Fleming’s sears the steaks on a 1600F/875C fire and then lets them rest before serving on very hot plates.

We asked about the size of the steaks and decided to share a rib-eye steak after hearing it was 16 oz (1 pound or 454 grams) since even 8 oz is more beef than we usually eat. We slightly regretted this after tasting the steak because it was so good.


This is the steak when I remembered to take a photo after having started to cut it in half. Unfortunately this time my iPhone did not take such a great picture. I noticed right away that this was one of the most tender steaks I had ever eaten, because the knife cut through it like butter.
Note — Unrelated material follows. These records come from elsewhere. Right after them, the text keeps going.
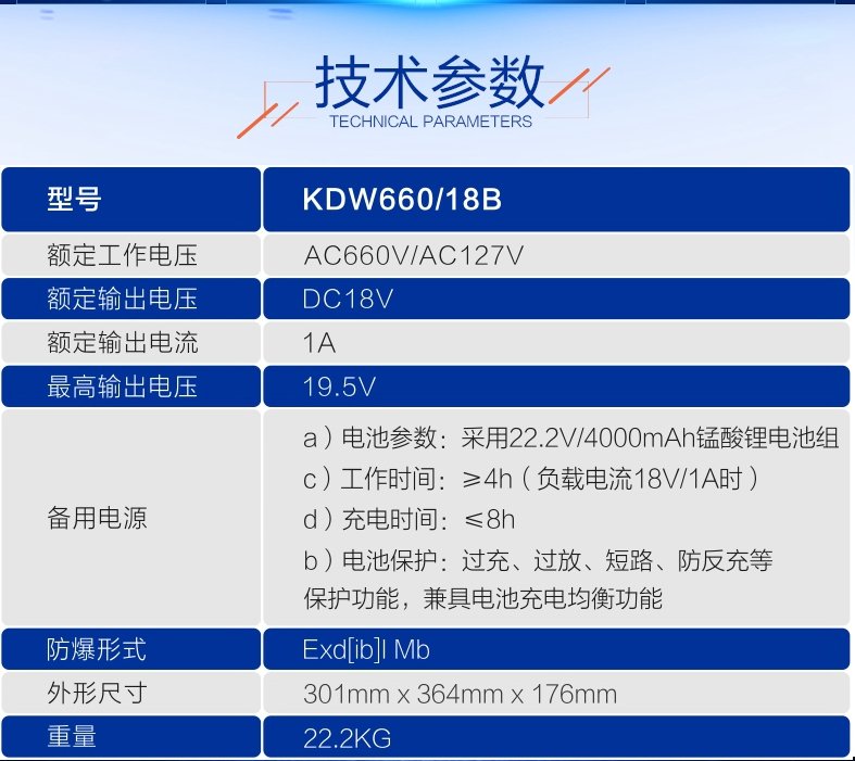 ? ? ? ?斯達(dá)防爆KDW127/18B隔爆兼本安型直流專為煤礦井下隔爆型和本安型用電設(shè)備提供DC18V電源,支持兩種電壓輸入,安裝形式多樣,方便移動(dòng),同時(shí)兼具大功率輸出、電壓穩(wěn)定、紋波小的特點(diǎn)。額定工作狀態(tài)內(nèi)置電池可持續(xù)供電4小時(shí)以上,滿足井下本安設(shè)備的供電要求。具備過載、過壓、過流保護(hù)功能。故障狀態(tài)恢復(fù)后,自動(dòng)恢復(fù)工作。
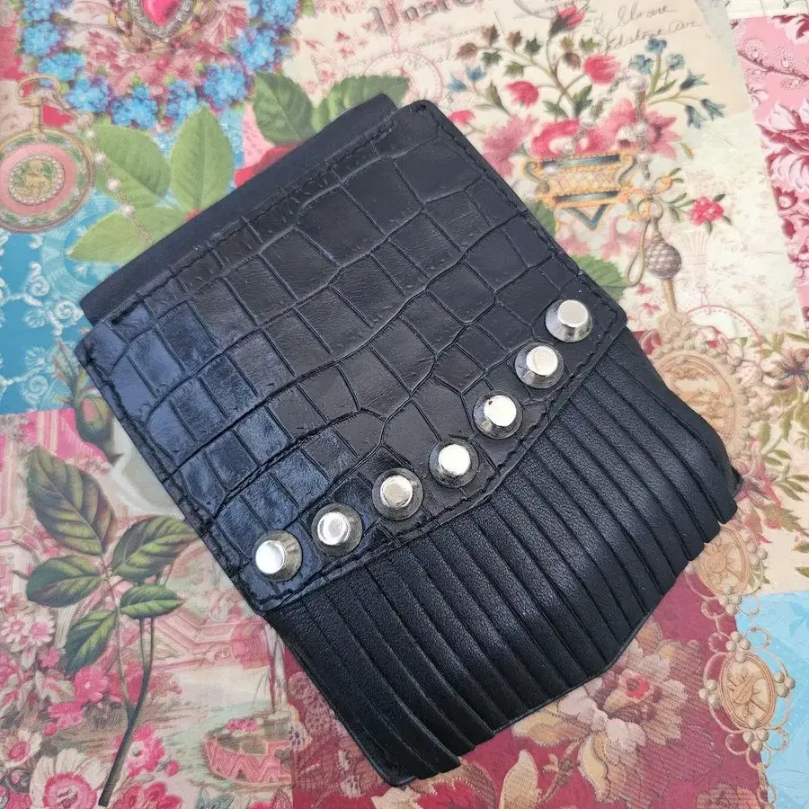 F.E.A.R 브랜드의 크로커다일풍 디자인 블랙 접이식 지갑, 스터드 장식 포함.
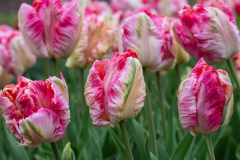 - Parrot Group tulips have single flowers, open cup-shaped, the tepals with finely cut margins and usually striped with contrasting colours, opening in mid to late spring
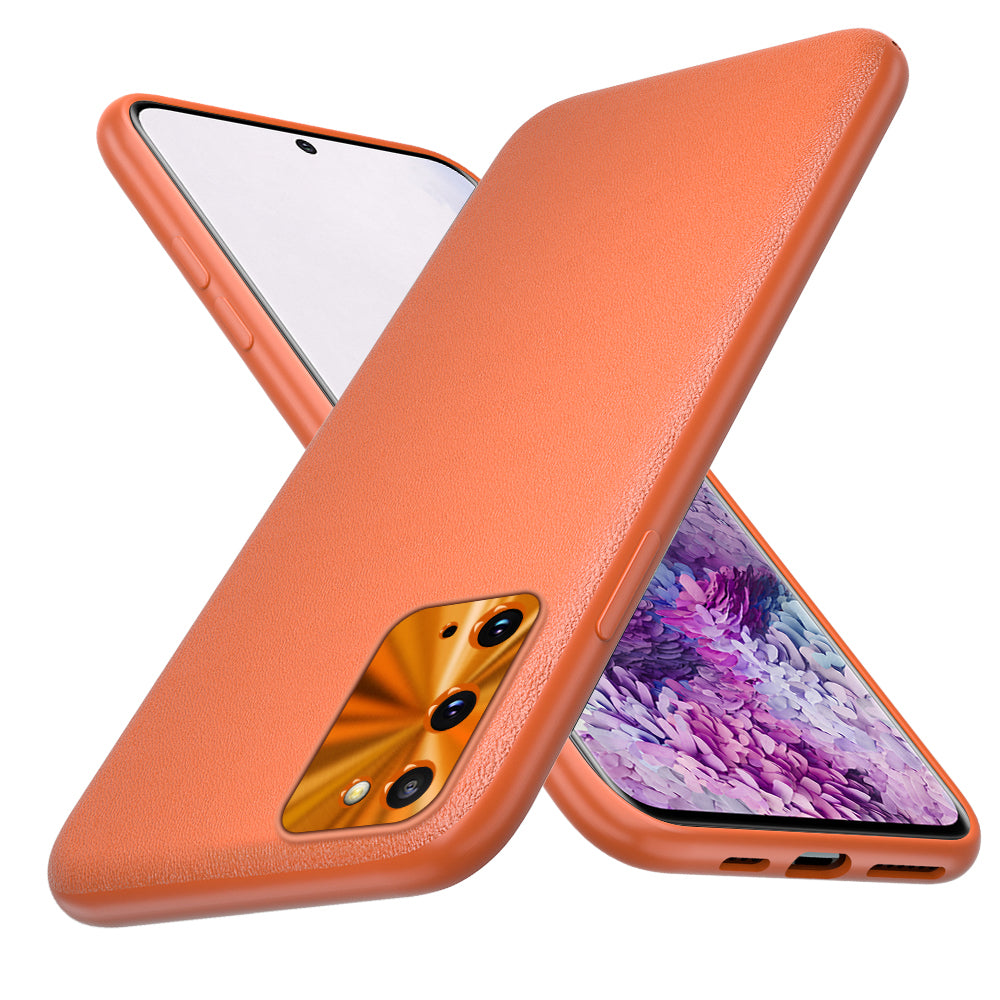 PU Leather TPU Phone Shell with Alloy Lens Ring for Samsung Galaxy S20 4G/S20 5G - Orange

We had obviously ordered the steak medium rare, and although this picture doesn’t do it justice you can tell that the outside is nicely seared without overcooking too much of the inside. The steak was as uniformly medium rare as is possible without using sous-vide.

Even though it was only slightly more expensive, this steak was vastly better than the one we had in Deadwood a few weeks ago. This was due to better meat, but mostly do to better cooking. The steak was very tender (without being mushy) and very flavorful.


The salad at Fleming’s was fresh and the ‘shoestring’ fries, served in a paper bag, were good.
Fleming’s has a good wine list with a very large selection of wines by the glass. We had a nice bottle of Francis Ford Coppola (yes, the film maker) cabernet sauvignon that was very elegant and paired well with the beef.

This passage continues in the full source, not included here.